Task details: Copy word for word the line containing "THG CAPUCINE MAUVE" together with all lines following it to the end of the listing below, without the pictures.

Material provided:
--- START ---

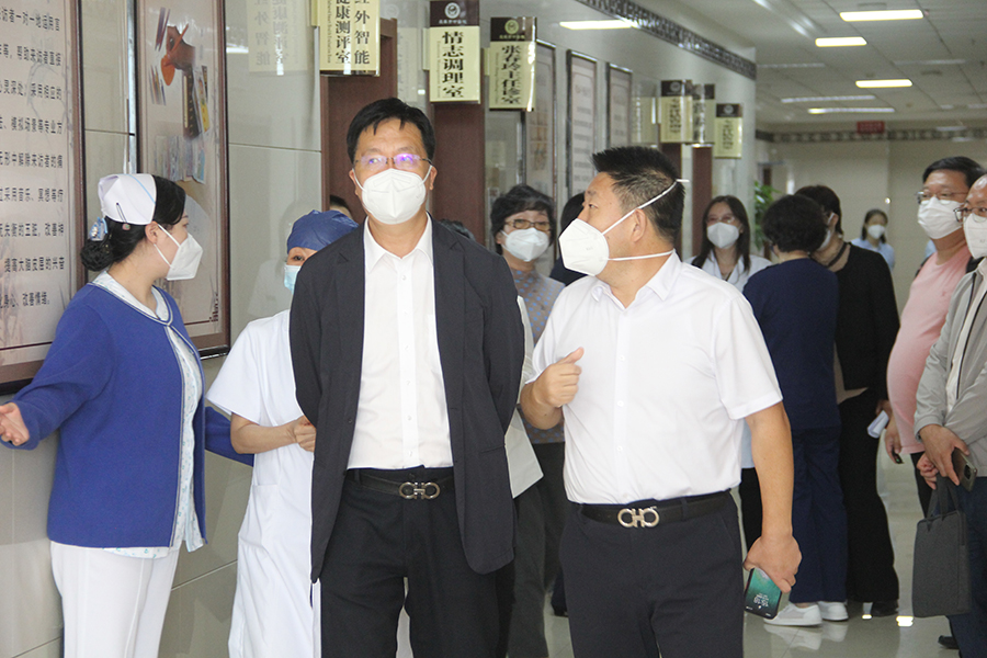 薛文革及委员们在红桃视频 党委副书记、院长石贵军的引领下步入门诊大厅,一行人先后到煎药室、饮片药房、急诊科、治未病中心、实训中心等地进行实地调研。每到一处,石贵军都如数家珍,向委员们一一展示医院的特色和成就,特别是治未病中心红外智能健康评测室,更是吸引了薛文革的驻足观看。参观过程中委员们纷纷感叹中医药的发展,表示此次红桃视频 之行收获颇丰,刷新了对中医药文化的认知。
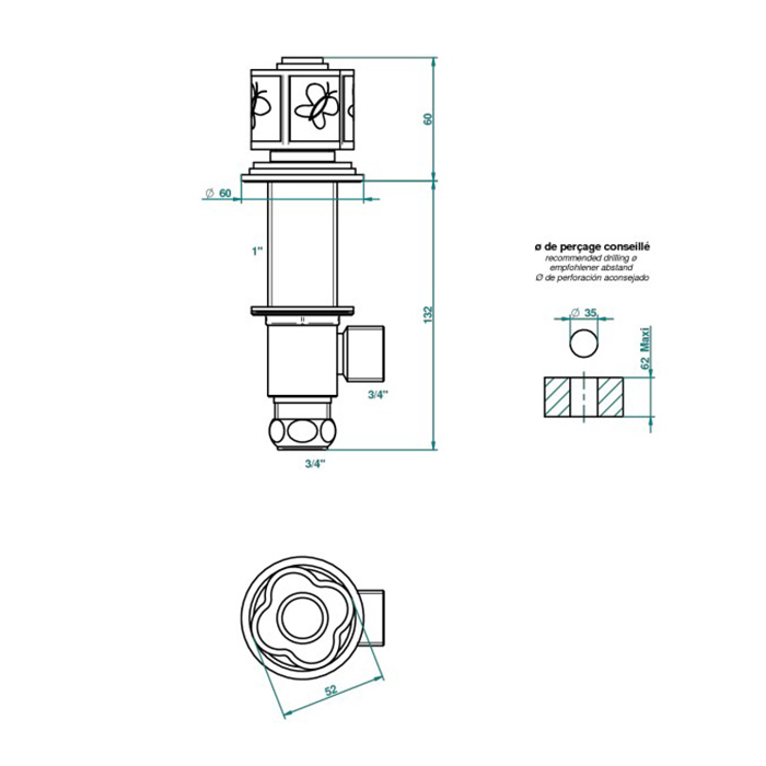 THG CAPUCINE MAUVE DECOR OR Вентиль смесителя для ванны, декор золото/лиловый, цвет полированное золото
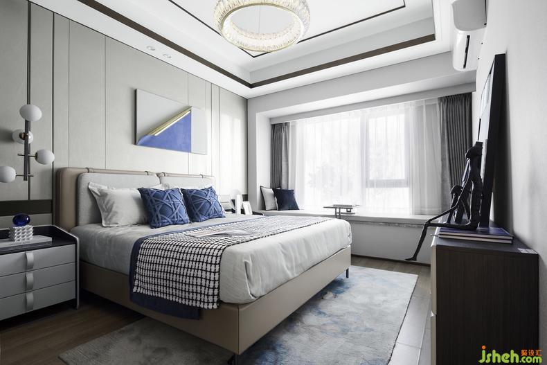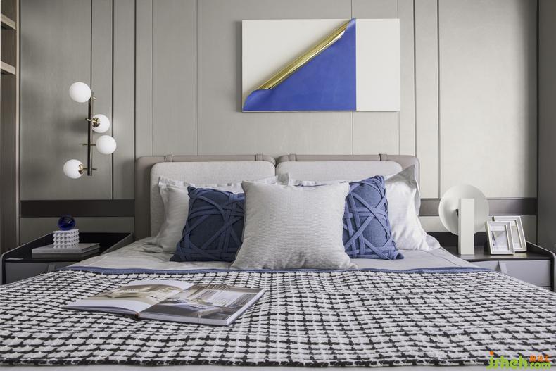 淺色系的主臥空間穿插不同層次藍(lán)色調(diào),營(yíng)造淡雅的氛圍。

--- END ---

Your response:
 THG CAPUCINE MAUVE DECOR OR Вентиль смесителя для ванны, декор золото/лиловый, цвет полированное золото
 淺色系的主臥空間穿插不同層次藍(lán)色調(diào),營(yíng)造淡雅的氛圍。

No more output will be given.